However, some clinical concerning issues ABT-199 mw have not been investigated. Methods: we explored the pharmacokinetics and therapeutic efficacy of GX1-rmhTNFα by means of multimodality imaging(SPECT,Bioluminescence imaging, Contrast enhanced ultrasound).TUNEL assay and Immunohistochemistry staining were applied to assess the therapeutic efficacy. Histopathologic examination and biochemistry analysis were also used to assess its side-effects Results: SPECT and biodistribution study revealed specific accumulation of GX1-rmhTNFα in tumors (0.66±0.04%ID/g, 22 times vs. muscle 24h p. i.). BLI, in addition, showed satisfied growth delayed of luciferase expressing
tumors (SGC7901-Fluc) treated with GX1-rmhTNFα in comparison with 0.9 % saline (P<0.001). Postmortem tumor weight also showed a similar tendency (P<0.001). CEUS and CD31 staining demonstrated GX1-rmhTNFα could reduce blood perfusion and induce vascular degradation.
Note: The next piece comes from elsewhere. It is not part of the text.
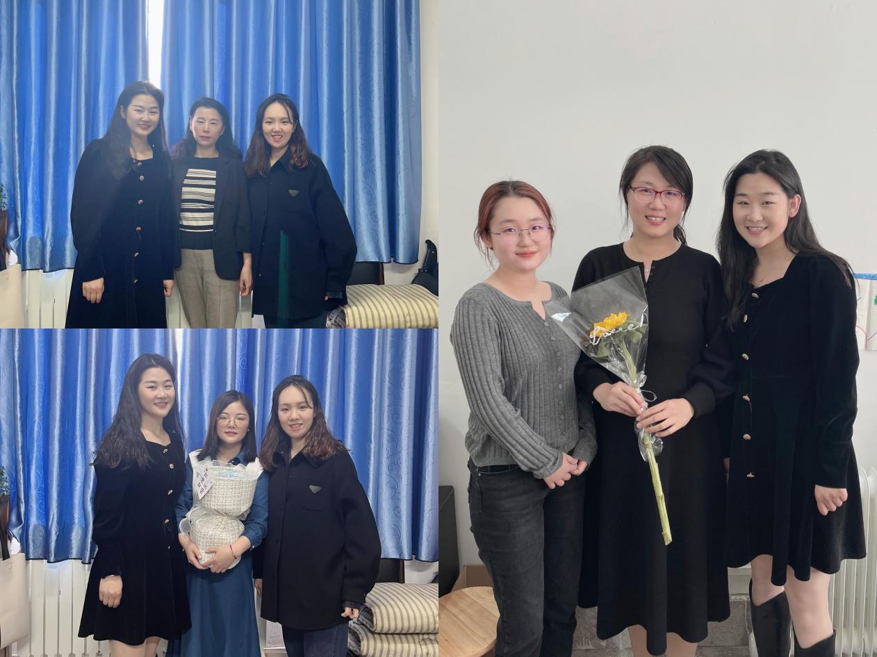 首先,由支部书记白军霞、组织委员赵柯靓以及陈婕作为代表为课题组女老师送上鲜花和节日祝福。

TUNEL assay and Ki67 staining indicated pro-apoptosis and anti-proliferation property of GX1-rmhTNFα. Moreover, histopathologic examination and biochemistry analysis indicated limited specific renal or hepatic toxicity of GX1-rmhTNFα. Conclusion: In conclusion, this NVP-LDE225 study demonstrated that GX1-rmhTNFα was a safe and potent anticancer agent, which may have great potential for target therapy of gastric cancer. Key Word(s): 1. Targeted
therapy; 2. Fusion toxin; 3. Gastric cancer; 4. Molecular imaging; Presenting Author: SHUHUI LIANG Additional Authors: XIAOLI HUI, JIAN XU, YANXIANG LV, JING ZHANG, HAO HU, YONGZHAN NIE, BIAOLUO WANG, KAICHUN WU, JIE
DING, DAIMING FAN Corresponding Author: BIAOLUO WANG, KAICHUN WU, JIE DING Affiliations: Xijing Hospital of Digestive Diseases & State Key Laboratory of Cancer Biology; First Affiliate Hospital medchemexpress of Xi’an Jiao Tong University Objective: The vascular-endothelial-cell-specific binding peptide in gastric cancer GEBP11 (CTKNSYLMC) may be a potential candidate for targeted drug delivery in antivascular therapy and diagnosis of gastric cancer. The aim of this study is to further identify the ability of GEBP11 to target the vasculature of gastric cancer in vivo and evaluate the applicability of GEBP11 in neovasculature imaging diagnosis and antiangiogenesis therapy of gastric cancer. Methods: Immunochemical or immunofluorescent staining was performed to identify the subcellular location and the tumor vascular binding specificity of GEBP11. Receptor binding assay was performed to analyze quantitatively the binding specificity and affinity of GEBP11 to ECs. Binding assays in vivo, biodistribution assay and SPECT imaging were used to identify the targeting ability of GEBP11 to tumor tissues in vivo.. BLI or CLI imaging was used for monitoring and evaluation of therapeutic effect in internal radiotherapy experiment.